Preparing your cluster

You can use the Azure command line client for creating your cluster. We will now show the steps necessary for creating the same cluster but using the command line client. Please refer to the documentation for details on customizing the installation.

The Azure CLI's default authentication method uses a web browser and access token to sign in. You should run the login command

az login

and this will open your default browser and load an Azure sign-in page.

Now you can create a resource group with:

az group create --name MyGroup --location eastus

Then we will create an AKS cluster. The following example creates a cluster named MyKubernetesCluster with four nodes. Azure Monitor for containers is also enabled using the --enable-addons monitoring parameter. This will take several minutes to complete.
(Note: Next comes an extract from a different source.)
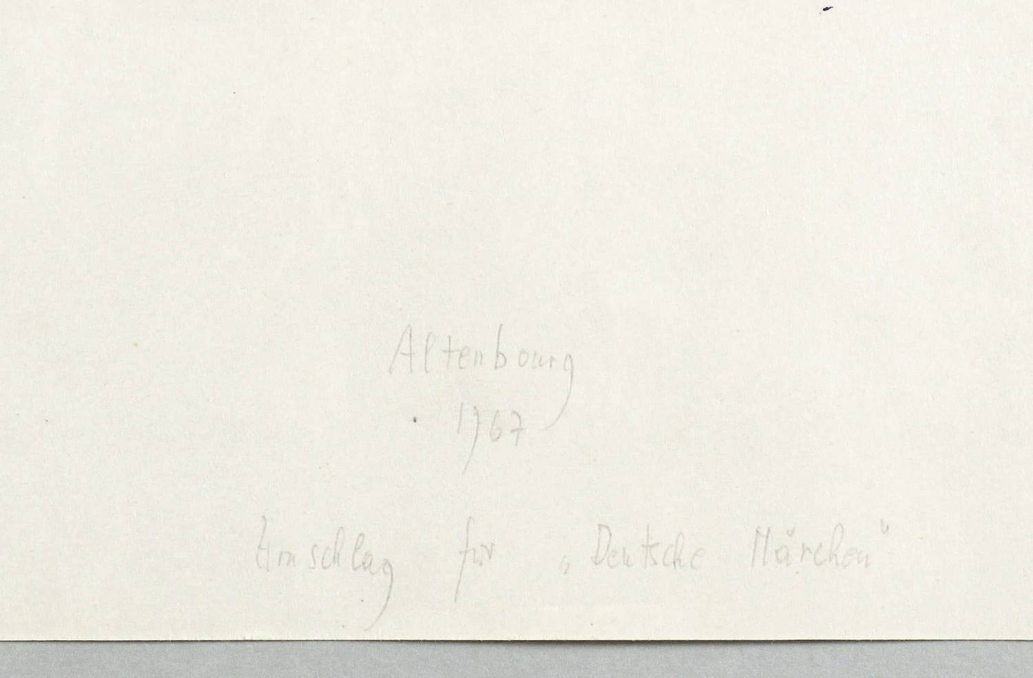 Janda L 120 II 2 b. – Unterhalb in Bleistift signiert und datiert: ″Altenbourg / 1967″. Darunter bezeichnet: ″Umschlag für 'Deutsche Märchen'″. Links Auflagenbezeichnung. Im Stein Inschrift. – Einer von vier Probedrucken. Zusammendruck der Steine I und II. Die 50 Auflagen-Exemplare zur Deckel-Gestaltung der Mappe ″Deutsche Märchen″ (Kabinettpresse Berlin) blieben unsigniert. – Papier im Rand bisweilen leicht bestoßen. Sonst ohne Mängel. Guter Gesamtzustand.

az aks create --resource-group MyGroup \
  --name MyKubernetesCluster \
  --node-count 4 \
  --node-vm-size Standard_D12_v2 \
  --network-plugin azure \
  --enable-addons monitoring \
  --generate-ssh-keys

Some notes:

  • The number of nodes as well as the VM size greatly depends on the workload of your cluster.
  • Make sure HTTP application routing is not enabled (so you are not passing --enable-addons http_application_routing)
  • Add --network-policy=azure if you plan to use Network Policies (recommended).

Deploying the operator

Once the new Operator is working, you can create a Custom Resource called ambassador and apply it as described in the users guide.

Running the performance or end-to-end tests in Azure

In order to run the performance or the end-to-end tests on Azure, you need to obtain some credentials for Azure. See the credentials document and set AZ_AUTH_FILE to the credentials file you have downloaded.